I’ve recently noticed an uptick in startup clients raising money for the first time. Sometimes sales are booming and money is needed for expansion, sometimes it’s a strategic investment by a larger player, and other times it’s early stage money used to get the company started. Whatever the reason, if you’re a founder looking to raise money, it’s important to understand the difference between the three most common types of fundraising offerings – equity, convertible debt, and SAFEs. Choosing the right vehicle for the investment is essential for ensuring the fundraise moves smoothly and without surprises. At their most basic level equity holders are owners, convertible debt holders are lenders, and SAFE holders are contractual parties. The format chosen and the terms offered may depend upon the stage of the company and leverage between the founder and the investor, and the choice may impact the company in different ways.
In a nutshell – equity is a fixed ownership stake in a company. For example, if you are buying the common stock of a publicly traded company through a brokerage account, you are buying equity. After you’ve made the purchase, based on the number of shares you own and the total number of shares outstanding, you would be able to calculate your ownership stake in the company. You would also be able to calculate the “market capitalization” of the company based upon the total number of shares outstanding and the market price of the shares – it would effectively tell you how much the total company is worth and how much your shares are worth.
For early-stage companies, issuing equity is often tricky because of both a lack of information and the cost of the documentation. First, many startups don’t have any true independent valuation of their business – at least for purposes of investment. Often the founders will assert that the company is worth multiples of what an investor might believe it to be worth. With this disconnect, it can be difficult, if not impossible, to fix the values necessary in order to sell equity to investors. Second, issuing equity requires a fair amount of paperwork to document, which increases the costs for the founders and time for review – and most startups are working on a very tight budget with limited bandwidth. For these reasons, founders usually don’t start their fundraising with a sale of equity to outside investors.
Convertible debt is essentially a loan to the company that is set to convert to equity upon the occurrence of certain events, often including the earlier of a fixed maturity date or the company’s next equity financing. The debt is documented with a convertible note that will contain an interest component, often a valuation cap (a maximum valuation of the company at the time of conversion), and sometimes a liquidation preference (the note holders get paid first in some circumstances).
Companies may prefer convertible debt to equity because it can delay the need to put a valuation on the company and often involves less negotiation and documentation than the sale of equity. A company that has dependable cash flow and leverage with investors may choose to issue convertible notes in which the loan terms, such as the interest rate or a buy-back provision, may favor the company.
One risk of convertible debt is that the debt holders could demand repayment of the debt upon maturity or another triggering event. If the company does not have the available cash to repay the debt, it could trigger a default. This risk is generally small, however, because the note holders usually want to have the company succeed in order to increase the value of their potential equity, rather than cause the company financial hardship.
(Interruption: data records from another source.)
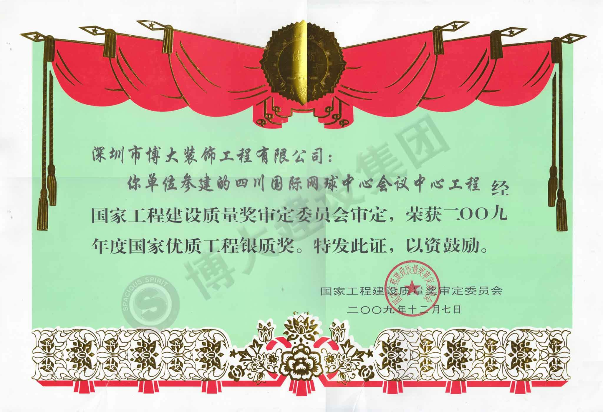 國家年度優(yōu)質工程銀質獎(四川國際網球中心會議中心工程)
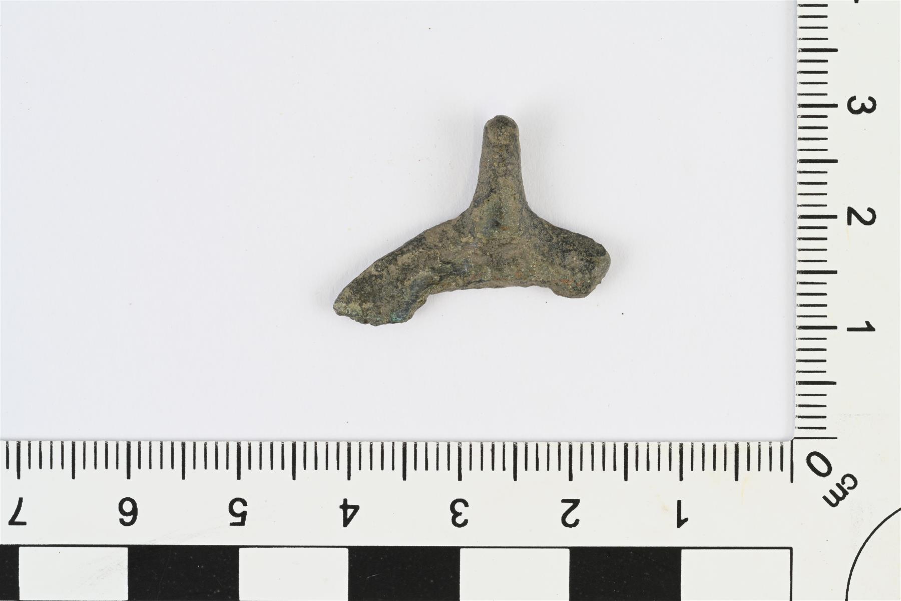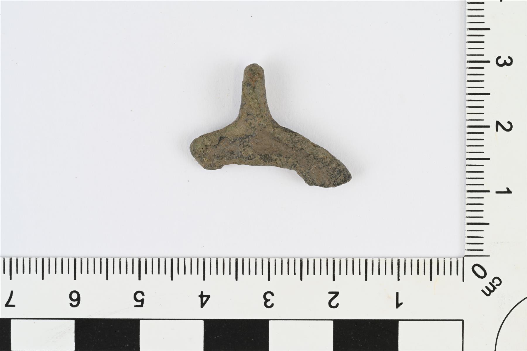 | Kupariseosesineen katkelma. Mahdollisesti rautakautinen. Kaareva pitkänomainen katkelma, jonka toinen pinta hieman kupera ja toinen hieman kovera. Katkelman puolivälistä ulkonee ulkokaaren puolelle poikkileikkaukseltaan pyöreän vartaan katkelma. | |
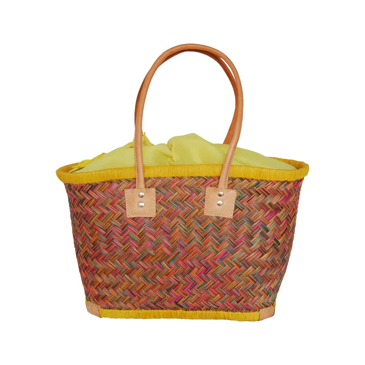 F様専用 アウトレット品【かごバッグ】パニエM / ロングハンドル_インナーバック付き Yellow mix /マルシェバッグ
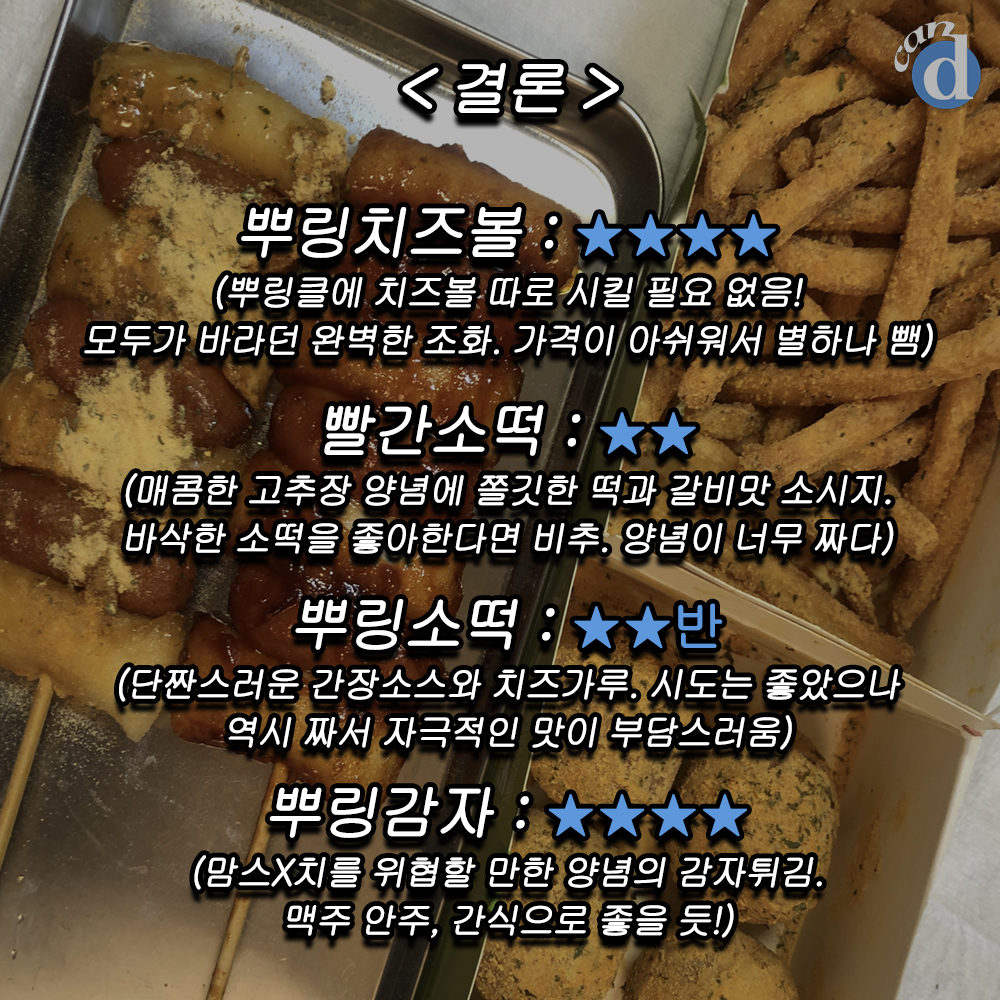 캔디의 신메뉴 추천순은 뿌링치즈볼>> 뿌링감자>>>>넘사벽>>뿌링소떡>빨간소떡이 되겠습니다.
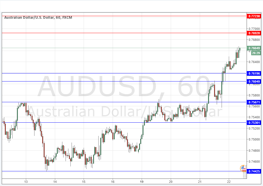 Yesterday’s signals produced a (barely) profitable trade following the bearish outside candle rejecting the identified resistance level at 0.7605. It only gave the minimum 20 pips of profit.
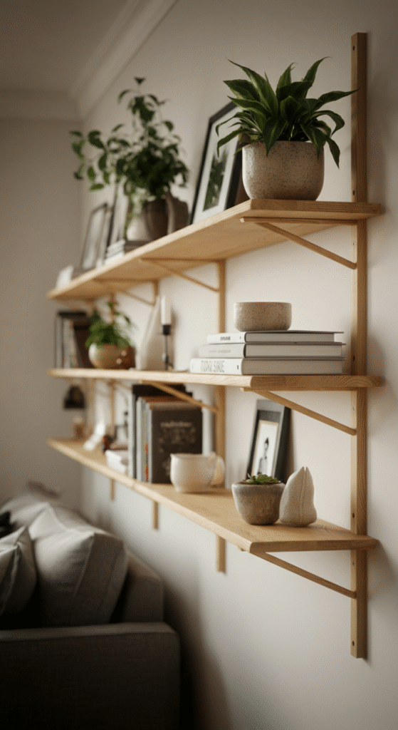To make the most of your open shelving, consider materials like light wood or metal in matte finishes. These elements tie in beautifully with the rest of the Scandinavian aesthetic, ensuring that your shelving units look both stylish and cohesive.
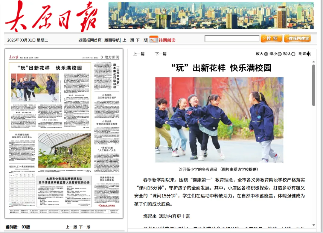 春季新学期以来,围绕“健康第一”教育理念,全市各义务教育阶段学校严格落实“课间15分钟”,守护孩子的全面发展。其中,小店区各校积极探索,打造多彩有趣又安全的“课间15分钟”,学生们在运动中释放活力,在自然中积蓄能量,体魄强健成为孩子们的成长底色。
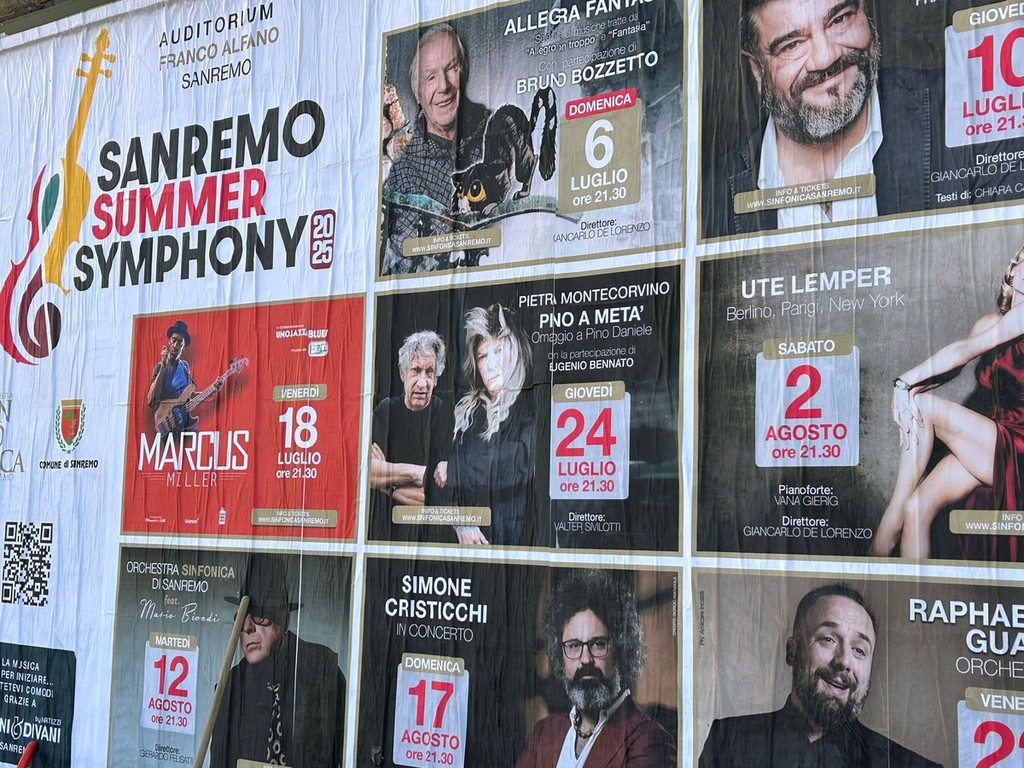 La stagione estiva 2025 di Sanremo si preannuncia ricca di musica e cultura. A svelarlo sono stati — prima ancora della conferenza stampa ufficiale in programma il prossimo 15 aprile — i cartelloni affissi in città, che hanno anticipato il programma del Sanremo Summer Symphony, la rassegna firmata dall’Orchestra Sinfonica di Sanremo.

SAFE stands for Simplified Agreement for Future Equity. A SAFE is a fairly recent addition to the methods by which a company can raise money. A SAFE is a contractual agreement by which the company agrees to grant equity to the SAFE holder upon the occurrence of the company’s next equity financing, whenever that may be. SAFEs often include a valuation cap or a “discount,” and sometimes both. These mechanisms allow for the early-stage SAFE purchaser to get a reduced price on later-issued equity.
For many founders, SAFEs are the preferred early-stage funding mechanism because they have the benefits of convertible debt – namely, they are easily documented and do not require the company and investor to agree on a valuation – without having a fixed maturity date or an interest component.
One risk for founders is that if they are not careful with the cap and discounts that are offered to the SAFE holders, they may find that they’ve sold a greater percentage of their company than they expected, with the investors receiving a windfall. Careful accounting with regard to SAFE sales is essential for the founders.
For a founder, it’s great to be in the position where investors believe in you and your company and want to give you money. More and more startups are using SAFEs for early fundraising, and given the ease of documentation and that a valuation is not needed, this trend is likely to continue. Established companies, or those that may wish to tightly control ownership percentages, may still opt for more traditional methods, such as equity. And some companies that have significant negotiating leverage and reliable cash flow may choose to issue convertible notes that have company-favorable terms. If you should find yourself in the position of an early capital raise, understanding the main methods of raising funds, and the benefits, risks, and costs of each, can help ensure that you choose the method best suited for your company.